((

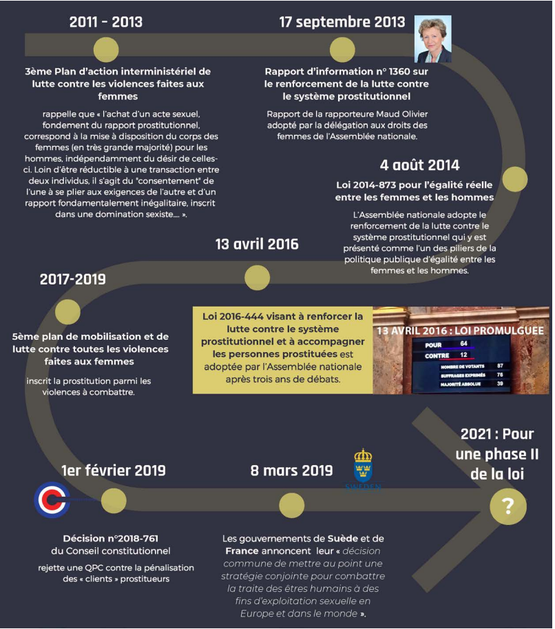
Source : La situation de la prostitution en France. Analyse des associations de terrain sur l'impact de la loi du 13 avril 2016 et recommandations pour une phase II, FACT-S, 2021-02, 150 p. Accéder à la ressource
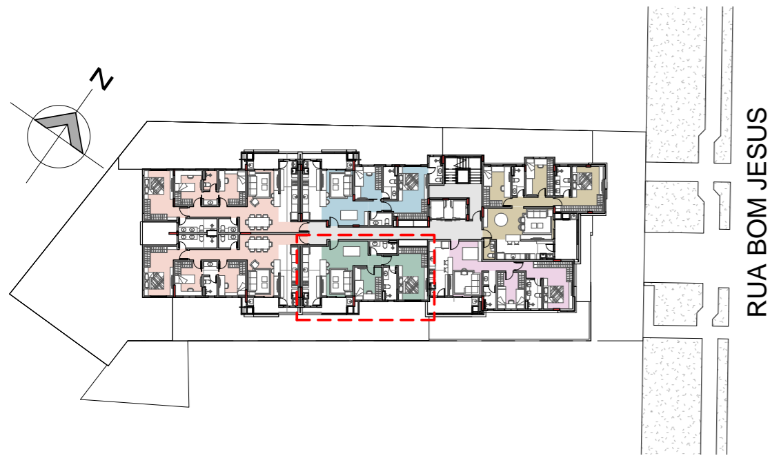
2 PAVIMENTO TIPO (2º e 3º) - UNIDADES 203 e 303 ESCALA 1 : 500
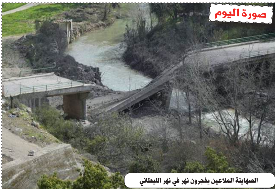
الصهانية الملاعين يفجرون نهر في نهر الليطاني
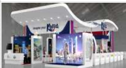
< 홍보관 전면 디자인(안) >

))
((

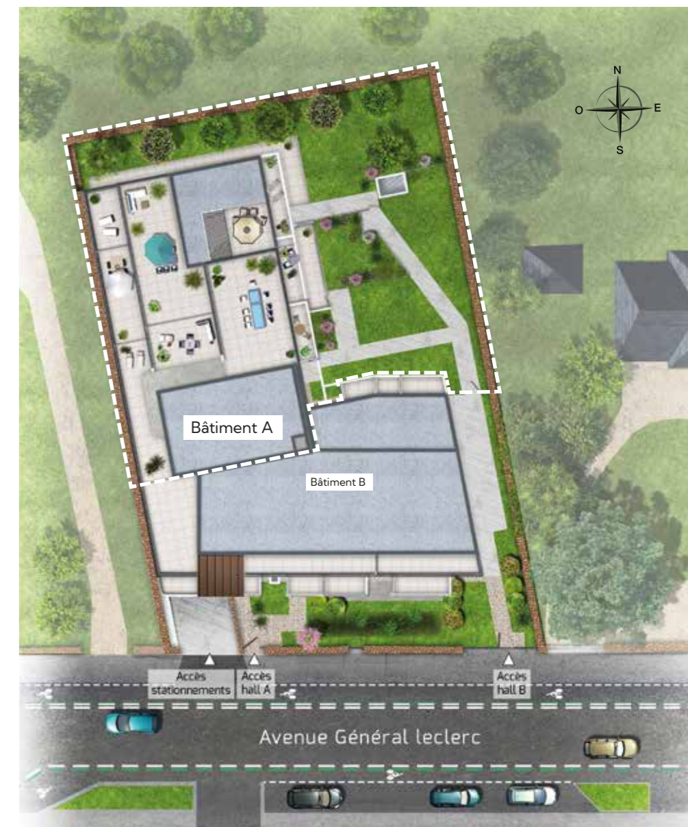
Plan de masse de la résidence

))
((

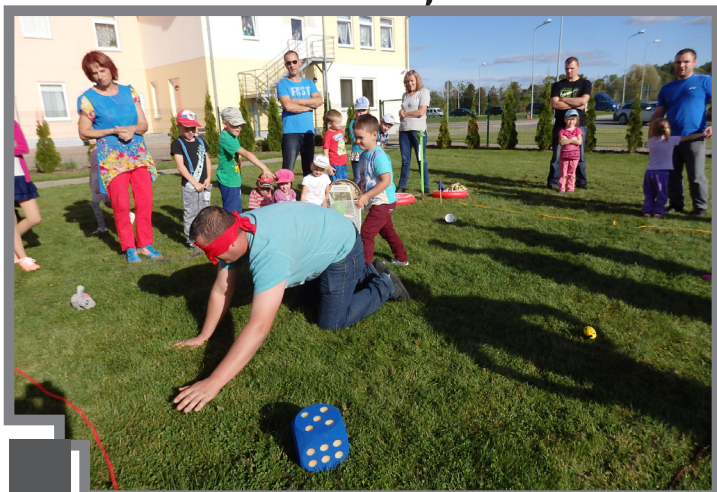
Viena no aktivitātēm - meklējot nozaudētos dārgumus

))

EXERCISE REQUIREMENTS
Output only the stretch above from the line with "2 PAVIMENTO TIPO" through the line with "< 홍보관 전면 디자인(안) >", reproduced exactly. Exclude pictures.

YOUR SOLUTION
2 PAVIMENTO TIPO (2º e 3º) - UNIDADES 203 e 303 ESCALA 1 : 500
الصهانية الملاعين يفجرون نهر في نهر الليطاني
< 홍보관 전면 디자인(안) >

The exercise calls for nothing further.